Business Durham support boosts firms in post-Covid era

2022 was a year of change, as businesses transition to a new normal after two years of disruption caused by the pandemic. Companies have managed to adapt, innovate and, in some cases, thrive but many have needed a helping hand along the way.

Business Durham, the business support service of Durham County Council, has supported dozens of businesses through this challenging year, which has been defined by political turmoil at home and abroad, and a cost-of-living crisis that has sent energy bills and raw material costs soaring.

The organisation’s support has been wide-ranging, from providing grant funding and property to practical advice on all aspects of growing a business. During the pandemic, networking was done almost exclusively online but many firms returned to in-person meets last year. This gave them the chance to reconnect at regular events run by Business Durham and through business park groups across County Durham.

2022 also saw the return of conferences and festivals that have been key dates on the County Durham business calendar.

From the North East Space Conference in March, Together Towards Net Zero business showcase event in July to Durham Ambitious Business Start-Ups Festival of Enterprise in October there have been many opportunities for businesses to meet in person, share their challenges, develop ideas and find solutions to real-world issues.

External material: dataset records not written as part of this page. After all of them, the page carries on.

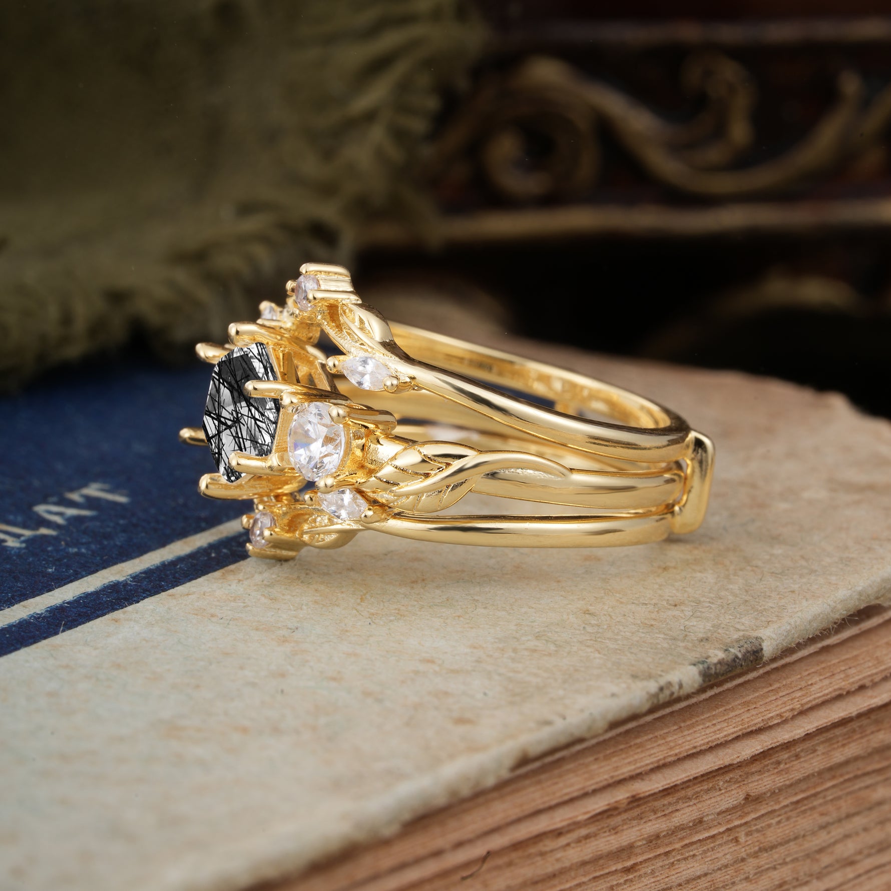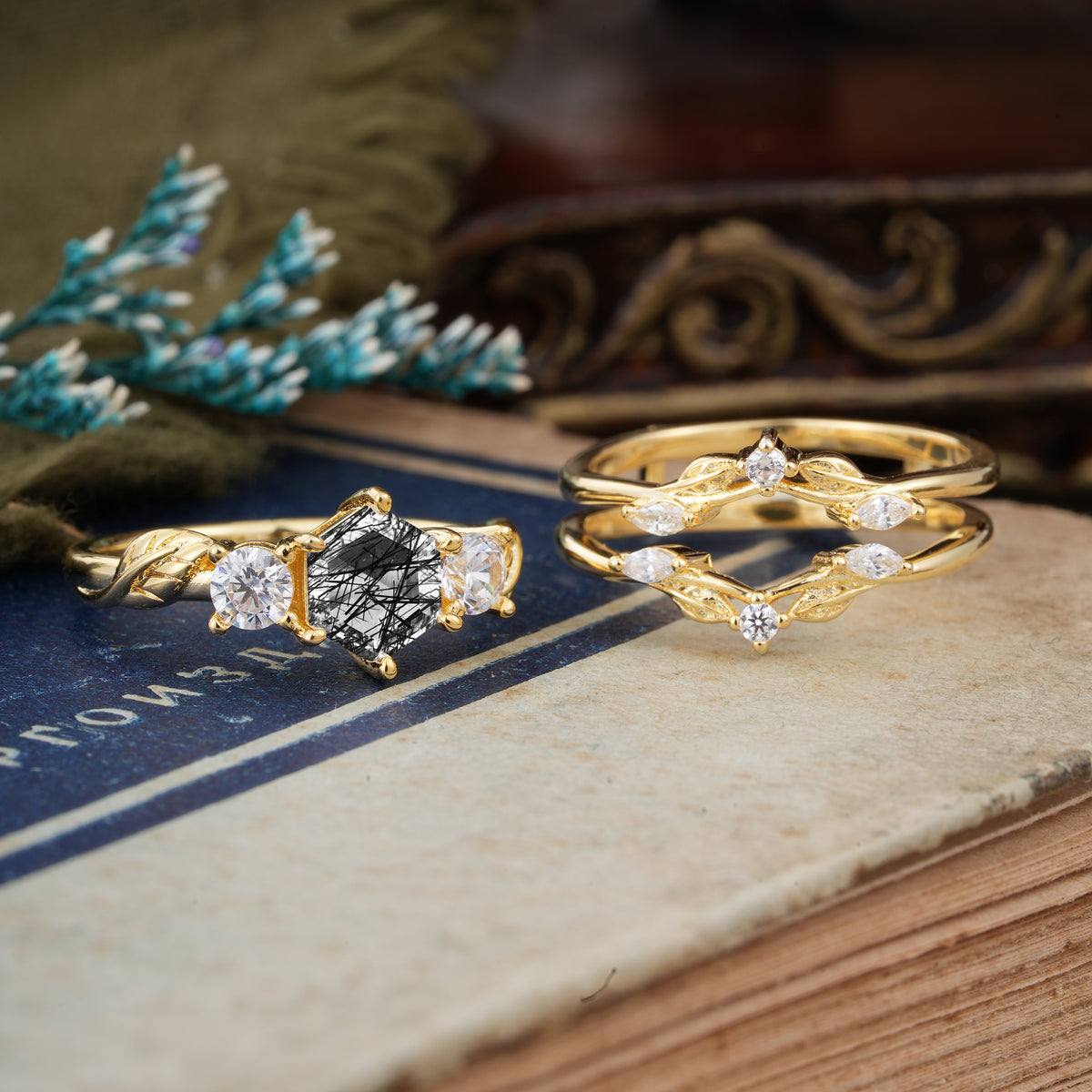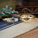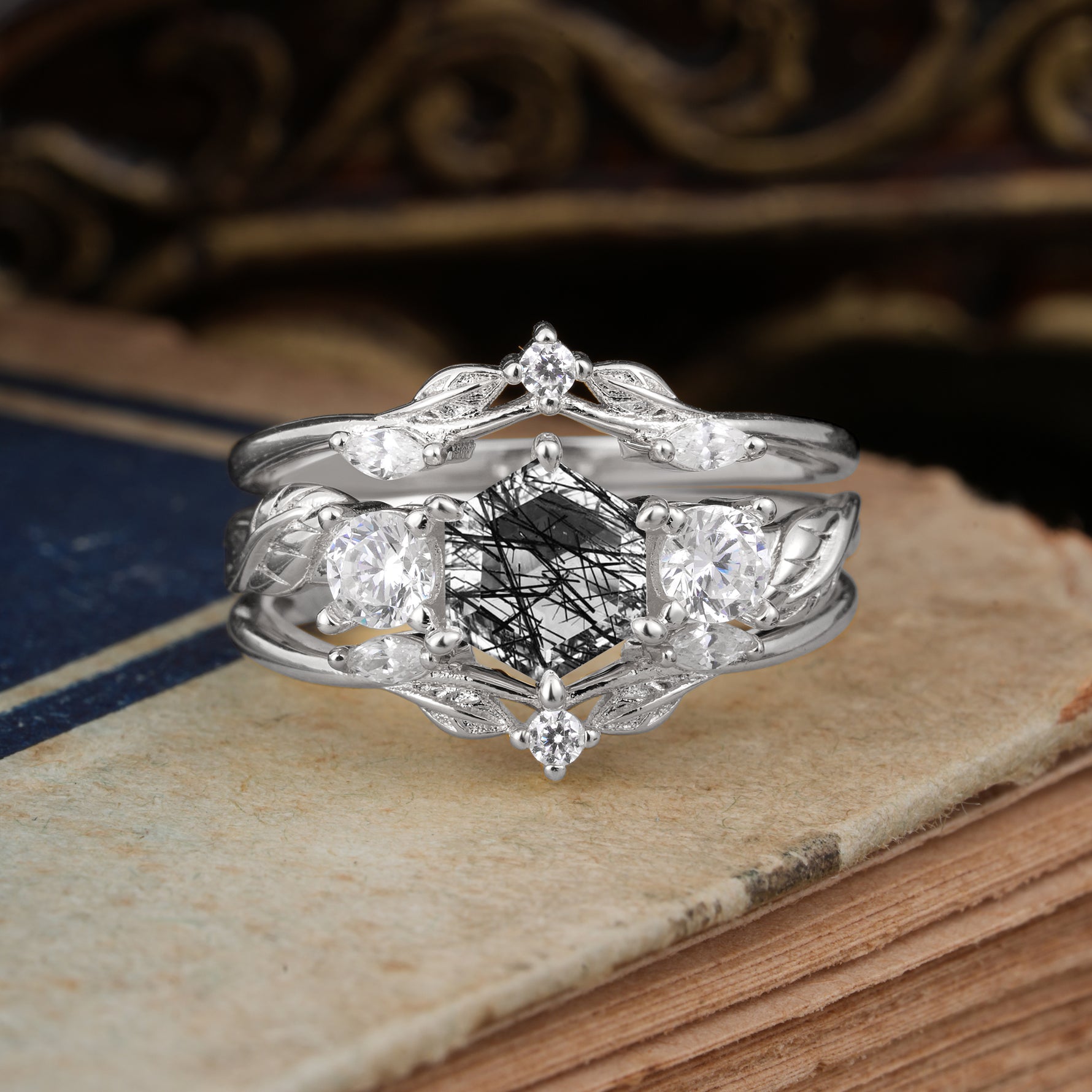 Natural Inspiration Luxury Botanical Hexagon Cut Black Rutilated Quartz Engagement Ring Suite
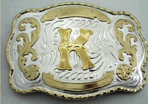Product DescriptionInitial Letter " K " Name Monogram Western Cowboy Gold and Silver Tone Belt Buckle0
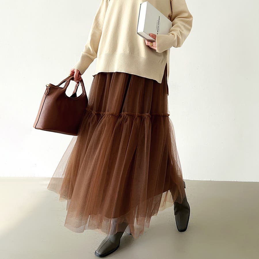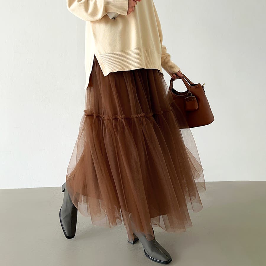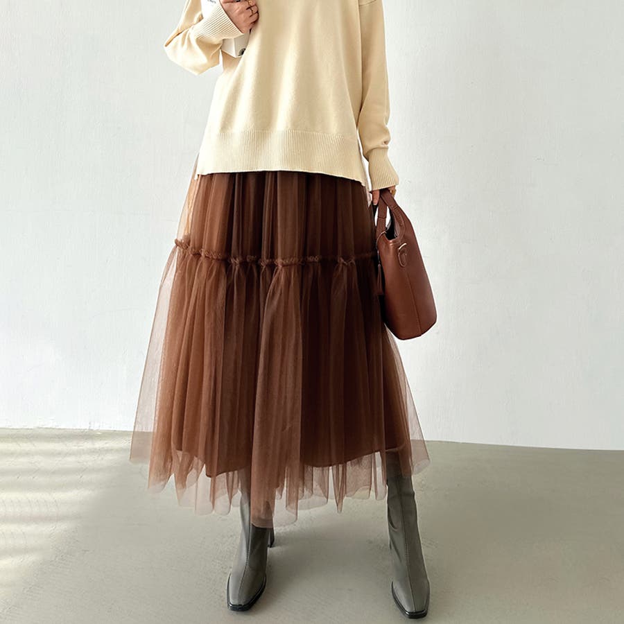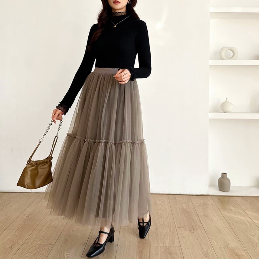 チュールスカート ティアード スカート ロング ボリューム チュール レディース マキシ ロングスカート 大人 ティアードスカート フリル シアー 透け感 マキシスカート マキシ丈 マキシ丈スカート ギャザー レース ロング丈 ボトムス フレアスカート ウエストゴム 裏地 フリルスカート aライン ハイウエスト ティアードチュールスカート フレア チュールレース aラインスカート 膝下 生地 膝下 ひざ下 裏地付き 付き 裏地あり 膝下スカート Aライン 着回し ウエスト ゴム 体型カバー 体型 カバー ゆったり 楽ちん 楽 洗える 薄手 薄い ポリエステル ポリエステル100% 通学 おでかけ お出かけ 旅行 ダンス 衣装 発表会 華やか パーティー セレモニー オケージョン オフィス オフィスカジュアル オフィカジ エレガント ガーリー フェミニン レトロ バレエコア カジュアル 上品 かわいい 可愛い 大人可愛い きれいめ きれい め 綺麗め おしゃれ オシャレ トレンド ヒット 商品 おすすめ 服 ファッション コーデ プチプラ 高見え ママ ママコーデ 母 女性 フリー サイズ フリーサイズ ブラウン 茶色 ピンク ダークブラウン ライトグレー 灰色 ブラック 黒 カラー 新作 春夏 春秋 秋冬 春物 夏物 秋物 春 夏 秋 冬 春服 夏服 秋服 冬服 春用 夏用 秋用 韓国 韓国ファッション 10代 20代 30代 40代 50代 60代 cocomomo ココモモ
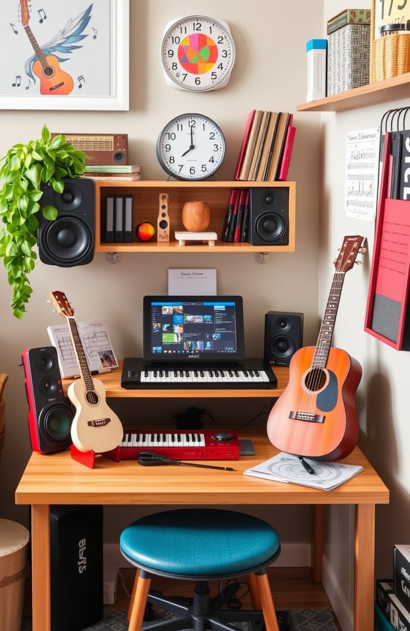Include simple instruments like a keyboard or ukulele. Use apps or online resources for lessons.

2022 was also a successful year for the property portfolio managed by Business Durham, with a 95 per cent occupancy average for the year and work on Station Place in Newton Aycliffe was completed in November and is ready for tenants to move in.

Throughout 2022 the Business Durham team got out and about again, visiting local businesses to discover the challenges companies have been facing, and help with connections to support they need to overcome them.

To achieve their growth goals, businesses need access to appropriate finance to invest and develop. Business Durham-managed funding programmes, including the County Durham Growth Fund and the Finance Durham Fund, have benefited dozens of companies over the year.

As we enter 2023, there is renewed optimism among the business community, despite the inevitable challenges that lie ahead.

Sarah Slaven, managing director of Business Durham, says: “Last year businesses saw a return to a new normal as concerns surrounding COVID-19 gradually subsided. There was good engagement within the business community as companies met up again to network and share ideas.

“This year there is likely to be much more focus on the issue of sustainability. This is partly because businesses are looking to reduce their energy bills, but also because they want to create a greener economy and take more responsibility for tackling the climate crisis.”